In tema di invalidità dell’atto di fideiussione a valle di un contratto contenente un’intesa restrittiva della concorrenza, le Sezioni Unite affermano il seguente principio di diritto:
“i contratti di fideiussione a valle di intese dichiarate parzialmente nulle dall’Autorità Garante, in relazione alle sole clausole contrastanti con la L. n. 287 del 1990, art. 2, comma 2, lett. a) e art. 101 del Trattato sul funzionamento dell’Unione Europea, sono parzialmente nulli, ai sensi dell’art. 2, comma 3 della Legge succitata e dell’art. 1419 c.c., in relazione alle sole clausole che riproducano quelle dello schema unilaterale costituente l’intesa vietata, salvo che sia desumibile dal contratto, o sia altrimenti comprovata, una diversa volontà delle parti”.

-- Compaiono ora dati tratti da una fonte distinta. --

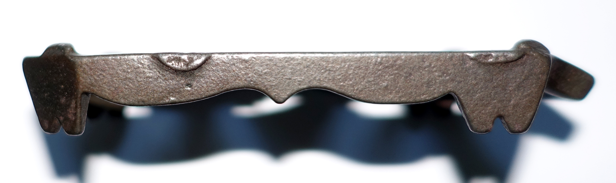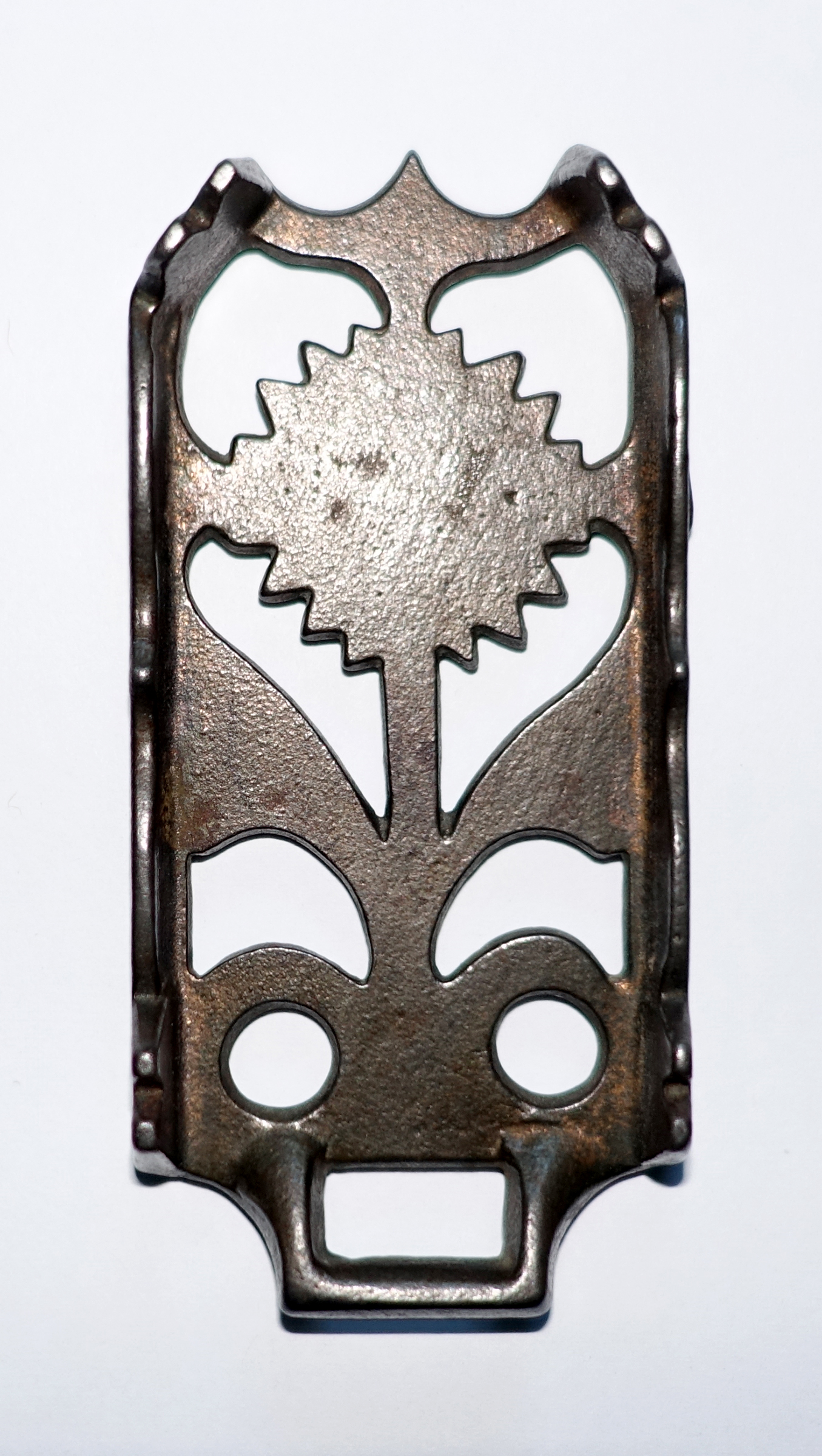 Below are three different views of the trivet. There are 4 small iron guides at the top edges to contain the little sadiron. Note also the 2 gate marks (casting marks) along one side. There is no signature on the reverse.
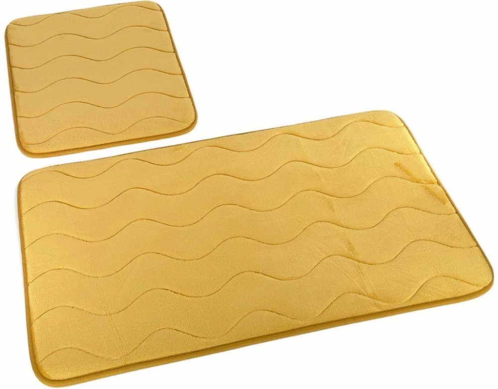 Koupelnové předložky s vlnkami v okrové barvě jsou vyrobeny ze 100% polyesteru. Kvalitní provedení z mikrovlákna zajistí nezaměnitelný komfort, měkkost a příjemný pocit při došlápnutí. Předložky jsou opatřeny protiskluzovou spodní vrstvou. Možné praní na 40°C. Předložka do koupelny je v rozměru 45 x 75 cm, na WC v rozměru 35 x 45 cm bez výkroje.
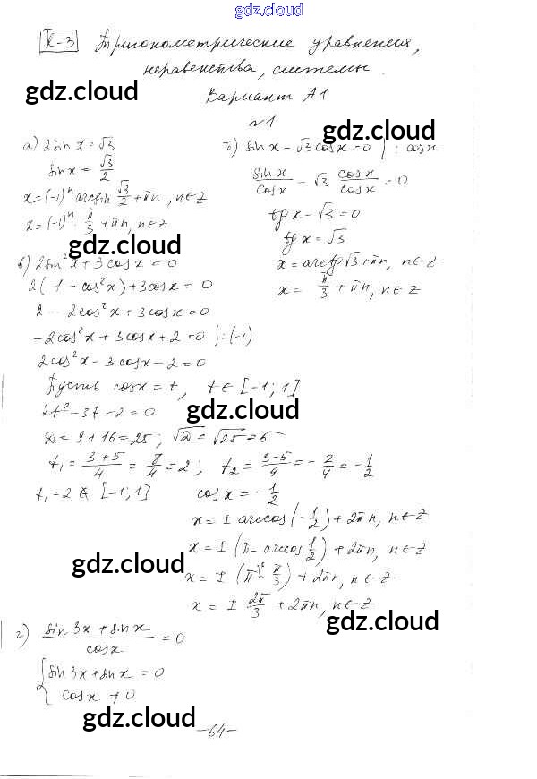 КР-3. Варианты Ответы к Контрольным работам по Алгебре 10, 11 класс Самостоятельные и контрольные работы Ершова Илекса

La Suprema Corte, dopo aver esaminato le diverse soluzioni interpretative individuate dalla dottrina e giurisprudenza in ordine agli effetti dell’invalidità del negozio a monte sul negozio a valle, ha ritenuto che la tesi più in linea con le finalità e gli obiettivi della normativa antitrust sia quella che trattasi di “nullità parziale”. Chiarisce, infatti, la inidoneità della sola tutela risarcitoria, disgiunta dalla tutela reale, a garantire la realizzazione delle finalità perseguite dalla normativa antitrust ed afferma l’utilità del rimedio a salvaguardare il principio generale di “conservazione”, per quanto possibile, degli atti di autonomia negoziale ancorché difformi dallo schema legale; e ciò “a meno che non risulti comprovata agli atti una diversa volontà delle parti, nel senso dell’essenzialità – per l’assetto di interessi divisato – della parte del contratto colpita da nullità”. La Suprema corte precisa, poi, che – stante la finalizzazione di tale normativa ad elidere attività e comportamenti restrittivi della libera concorrenza – i contratti a valle sono integralmente nulli esclusivamente quando la loro stessa conclusione restringe la concorrenza, come nel caso di una intesa di spartizione, riprodotta integralmente nel contratto a valle. Quest’ultimo è, invece, nullo solo in parte qua, laddove esso riproduca le clausole dell’intesa a monte dichiarate nulle dall’organo di vigilanza, e che sono le sole ad avere – in concreto – una valenza restrittiva della concorrenza.